Once you find a line containing the word "your" in the entries below, copy it.
--- DATASET CONTENT Enclosed Below ---
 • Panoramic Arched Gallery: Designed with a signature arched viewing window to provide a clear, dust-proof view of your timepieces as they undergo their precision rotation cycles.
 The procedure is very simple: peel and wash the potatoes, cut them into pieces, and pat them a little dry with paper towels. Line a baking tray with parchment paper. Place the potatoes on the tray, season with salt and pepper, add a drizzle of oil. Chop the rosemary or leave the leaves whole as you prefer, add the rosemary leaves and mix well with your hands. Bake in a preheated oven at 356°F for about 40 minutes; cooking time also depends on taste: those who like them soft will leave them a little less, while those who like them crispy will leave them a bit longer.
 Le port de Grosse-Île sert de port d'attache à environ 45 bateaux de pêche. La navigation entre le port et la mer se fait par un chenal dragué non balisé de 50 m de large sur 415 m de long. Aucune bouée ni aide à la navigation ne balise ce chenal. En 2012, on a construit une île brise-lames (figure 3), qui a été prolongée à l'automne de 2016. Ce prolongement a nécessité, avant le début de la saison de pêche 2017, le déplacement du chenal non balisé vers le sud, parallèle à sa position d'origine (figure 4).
--- End of Enclosed DATASET CONTENT ---
--- DATASET CONTENT Enclosed Below ---
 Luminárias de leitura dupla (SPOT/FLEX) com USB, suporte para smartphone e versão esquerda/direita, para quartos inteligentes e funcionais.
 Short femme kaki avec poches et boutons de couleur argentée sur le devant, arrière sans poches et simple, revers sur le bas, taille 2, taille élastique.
--- End of Enclosed DATASET CONTENT ---
--- DATASET CONTENT Enclosed Below ---
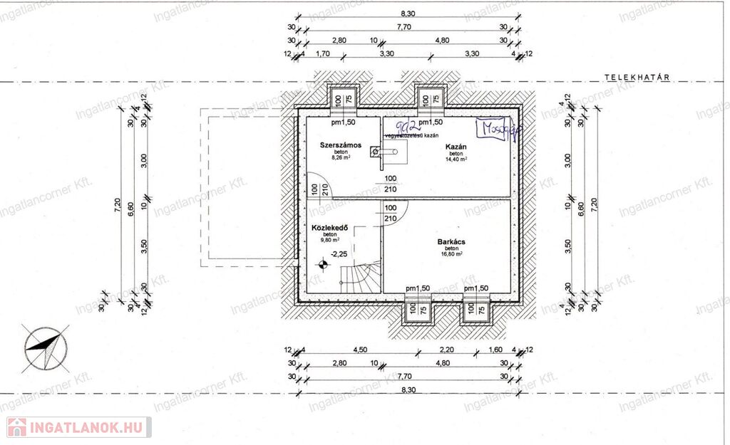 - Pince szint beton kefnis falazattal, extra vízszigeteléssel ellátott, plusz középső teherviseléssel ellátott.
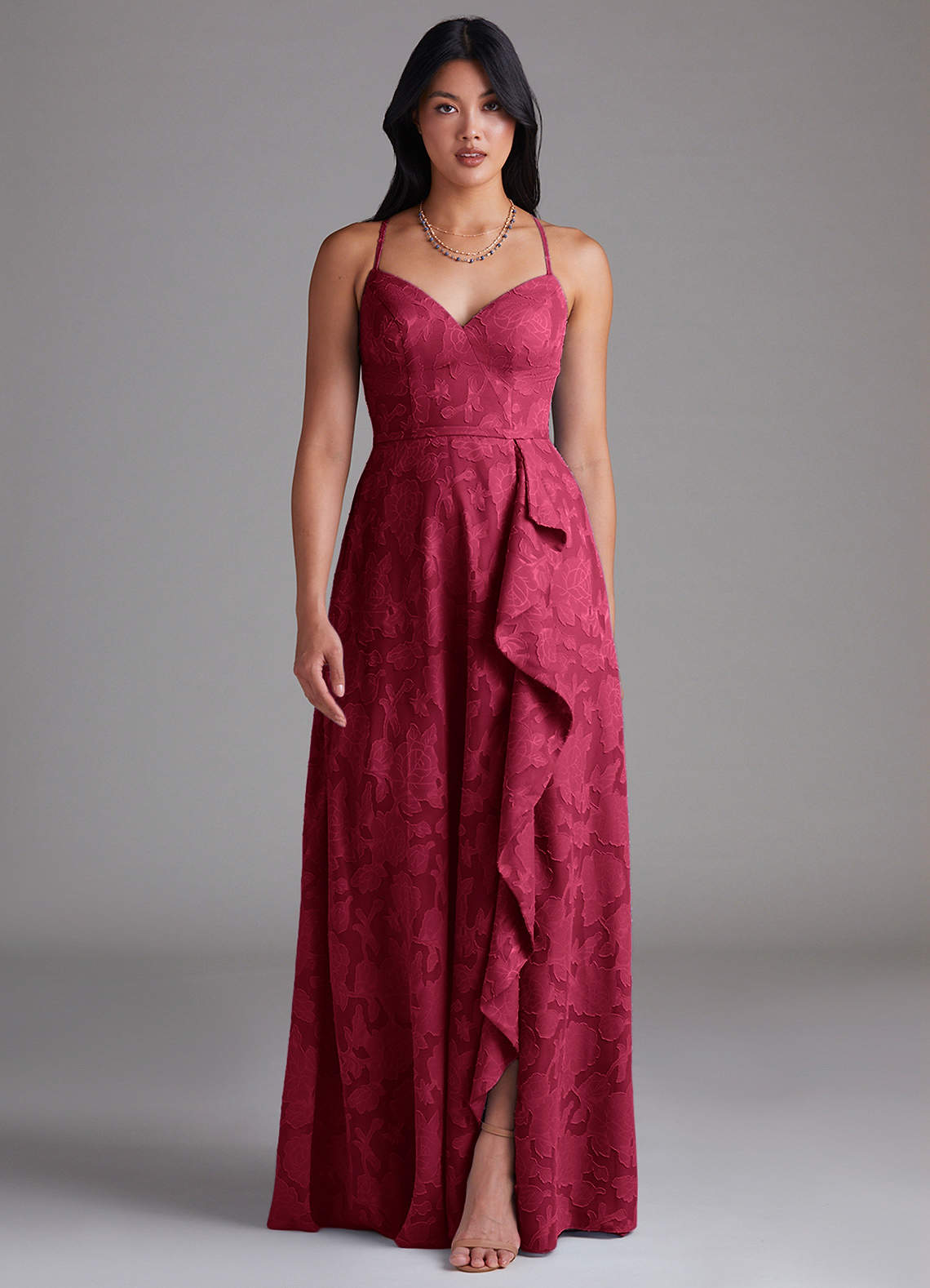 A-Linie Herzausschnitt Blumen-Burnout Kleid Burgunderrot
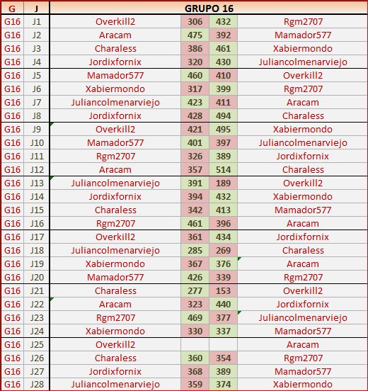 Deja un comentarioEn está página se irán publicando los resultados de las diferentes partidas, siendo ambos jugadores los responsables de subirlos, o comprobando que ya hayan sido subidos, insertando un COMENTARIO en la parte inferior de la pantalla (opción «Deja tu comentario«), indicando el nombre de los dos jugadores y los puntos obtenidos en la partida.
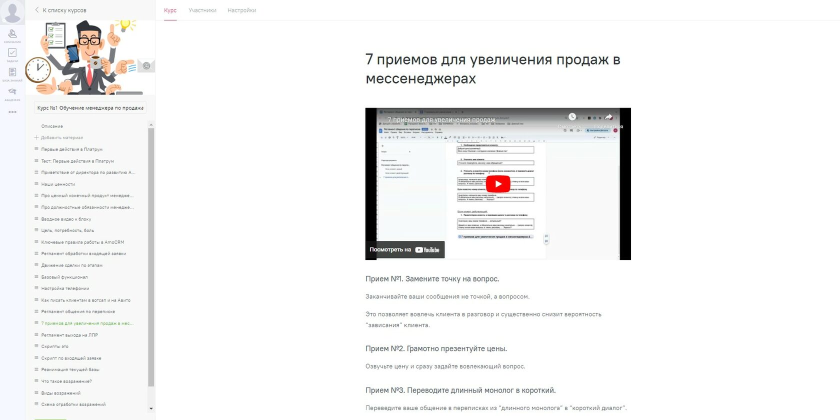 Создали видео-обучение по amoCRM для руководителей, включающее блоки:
--- End of Enclosed DATASET CONTENT ---
= ANSWER BELOW =
 • Panoramic Arched Gallery: Designed with a signature arched viewing window to provide a clear, dust-proof view of your timepieces as they undergo their precision rotation cycles.
 The procedure is very simple: peel and wash the potatoes, cut them into pieces, and pat them a little dry with paper towels. Line a baking tray with parchment paper. Place the potatoes on the tray, season with salt and pepper, add a drizzle of oil. Chop the rosemary or leave the leaves whole as you prefer, add the rosemary leaves and mix well with your hands. Bake in a preheated oven at 356°F for about 40 minutes; cooking time also depends on taste: those who like them soft will leave them a little less, while those who like them crispy will leave them a bit longer.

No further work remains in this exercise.